• Your task: What is needed is an exact reproduction of the lines from the one that contains "Вес 3530 гр, 54" through the end of the data, both included and nothing else, with pictures omitted.

(Dataset excerpts)
>>>

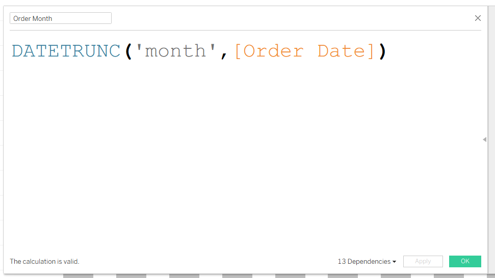 - Create a field for Order Month that you'll be able to reference moving forward, rather than needing to truncate in each individual calculation.
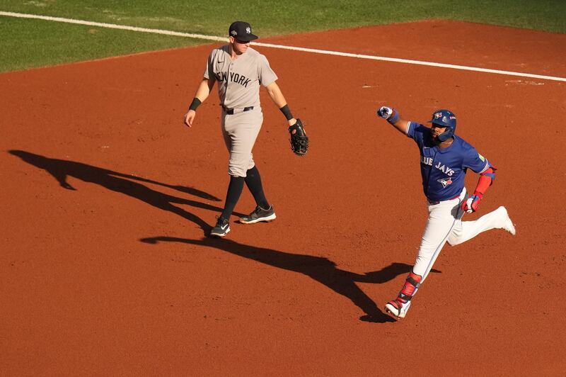 Blue Jays vs Yankees Toronto Blue Jays' Vladimir Guerrero Jr. (27) rounds first base past New York Yankees first baseman Ben Rice (22) after hitting a home run during the first inning of game 1 in MLB American League Division Series baseball action in Toronto on Saturday, October 4, 2025. THE CANADIAN PRESS/Chris Young
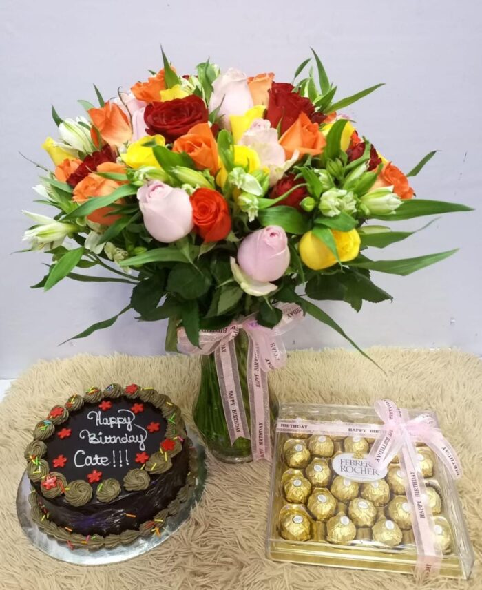 A perfect birthday package deal with a large sized vased flowers bouquet, T-24 Ferrero Rocher chocolate and 1 kg recipe of a chocolate fudge cake
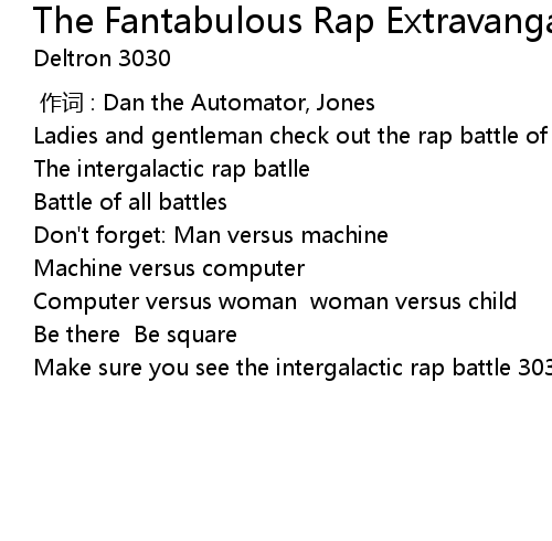 | [00:17.59] | Make sure you see the intergalactic rap battle 3030 |
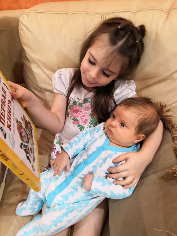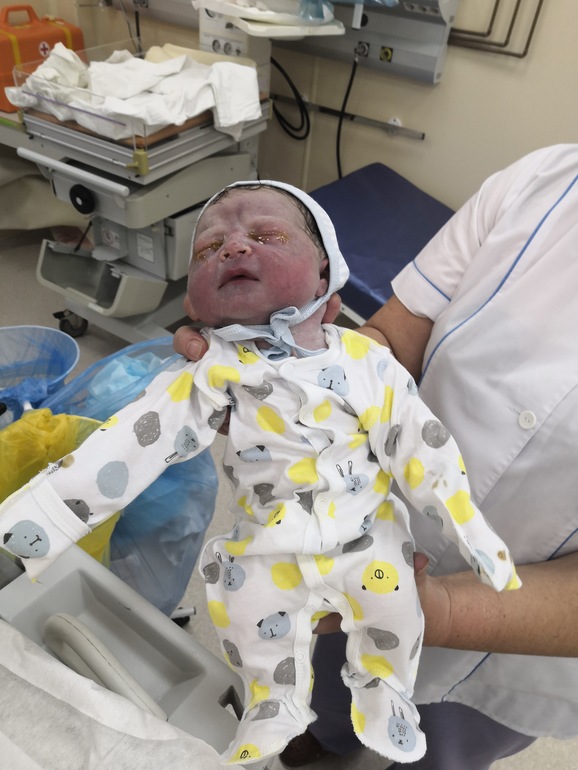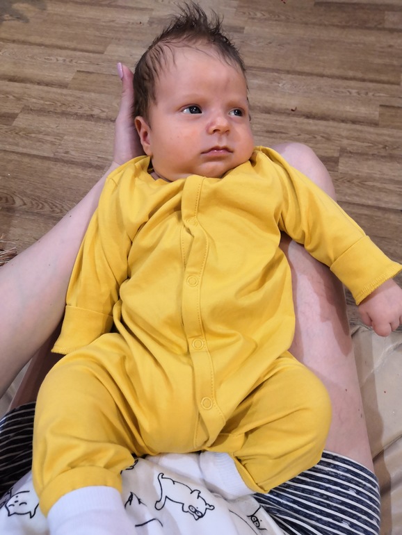 Вес 3530 гр, 54 см, 8/9 по Апгар. По сравнению с Марьяшей настоящий богатырь! Но внешне очень похожий на нее:
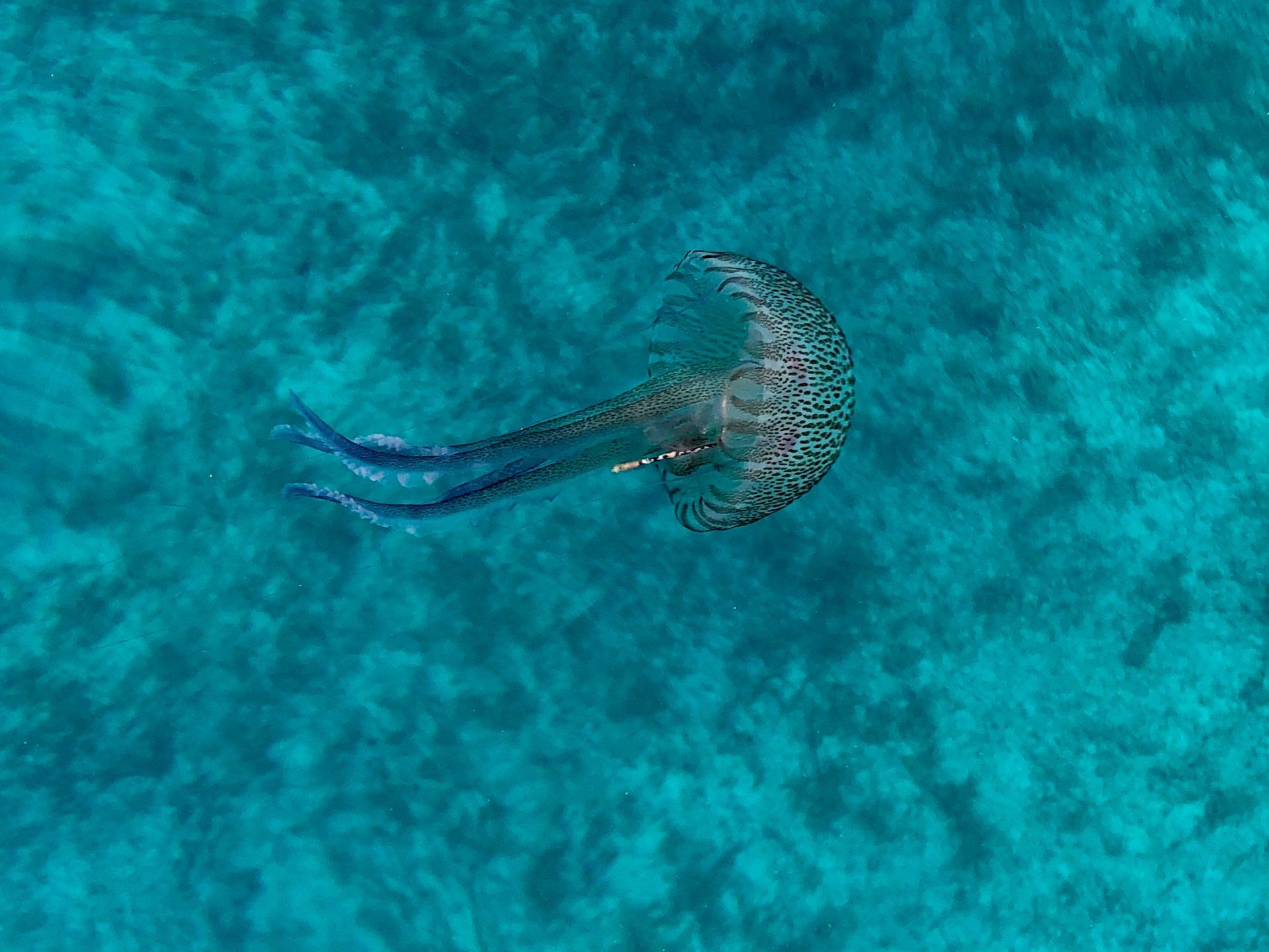 Als nach drei Tagen der Wind auffrischt bringt er leider auch ein ganz unerwünschtes Geschenk mit- die Wellen tragen eine ganze Menge Quallen in die Bucht. Faszinierend anzusehen, verderben sie einem aber doch das Badevergnügen. Wache halten von Deck aus während der andere schwimmt funktioniert auch nicht, weil die perfiden Wabbeldinger unterm Boot durchtauchen und plötzlich an der Badeleiter hochkommen. Letztes Jahr in Licata hat mich eine schmerzhaft am Bein erwischt – seitdem mache ich erst recht einen großen Bogen um diese Tierchen, bzw. bleibe auch mal dem Wasser fern.
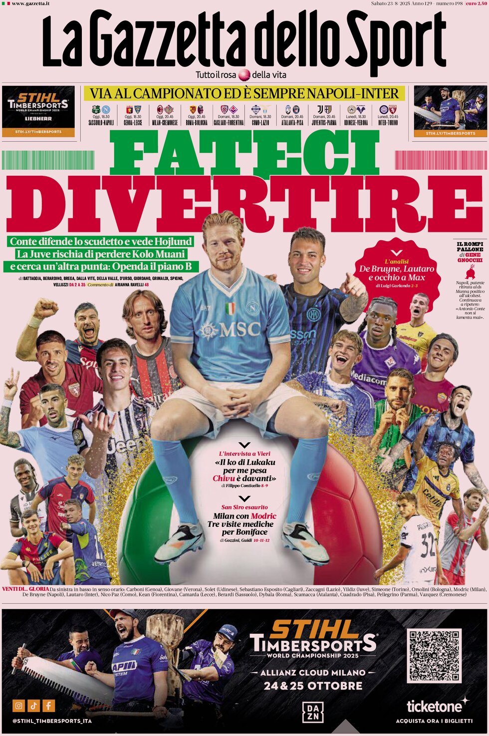Le prime pagine dei quotidiani sportivi in edicola sabato 23 agosto
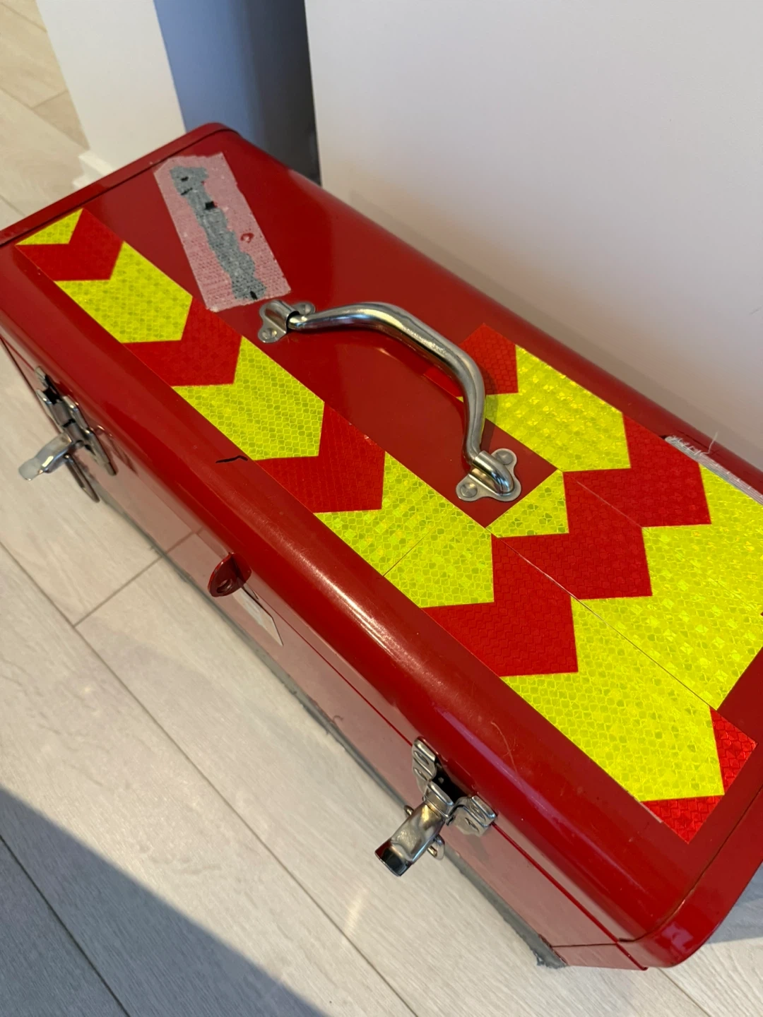 Tool Lot in heavy duty metal Tool Box with top shelf
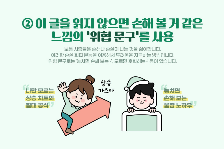 보통 사람들은 손해나 손실이 나는 것을 싫어합니다. 이러한 손실 회피 본능을 이용해서 두려움을 자극하는 방법입니다. 위협 문구로는 ‘놓치면 손해 보는~’, ‘모르면 후회하는~’ 등이 있습니다. ‘놓치면 100만 원 손해 보는 부동산 세금 가이드’, ‘모르면 후회하는 상표 등록 방법’ 등으로 쓸 수 있습니다.

<<<

• Result for this exercise:
 Вес 3530 гр, 54 см, 8/9 по Апгар. По сравнению с Марьяшей настоящий богатырь! Но внешне очень похожий на нее:
 Als nach drei Tagen der Wind auffrischt bringt er leider auch ein ganz unerwünschtes Geschenk mit- die Wellen tragen eine ganze Menge Quallen in die Bucht. Faszinierend anzusehen, verderben sie einem aber doch das Badevergnügen. Wache halten von Deck aus während der andere schwimmt funktioniert auch nicht, weil die perfiden Wabbeldinger unterm Boot durchtauchen und plötzlich an der Badeleiter hochkommen. Letztes Jahr in Licata hat mich eine schmerzhaft am Bein erwischt – seitdem mache ich erst recht einen großen Bogen um diese Tierchen, bzw. bleibe auch mal dem Wasser fern.
Le prime pagine dei quotidiani sportivi in edicola sabato 23 agosto
 Tool Lot in heavy duty metal Tool Box with top shelf
 보통 사람들은 손해나 손실이 나는 것을 싫어합니다. 이러한 손실 회피 본능을 이용해서 두려움을 자극하는 방법입니다. 위협 문구로는 ‘놓치면 손해 보는~’, ‘모르면 후회하는~’ 등이 있습니다. ‘놓치면 100만 원 손해 보는 부동산 세금 가이드’, ‘모르면 후회하는 상표 등록 방법’ 등으로 쓸 수 있습니다.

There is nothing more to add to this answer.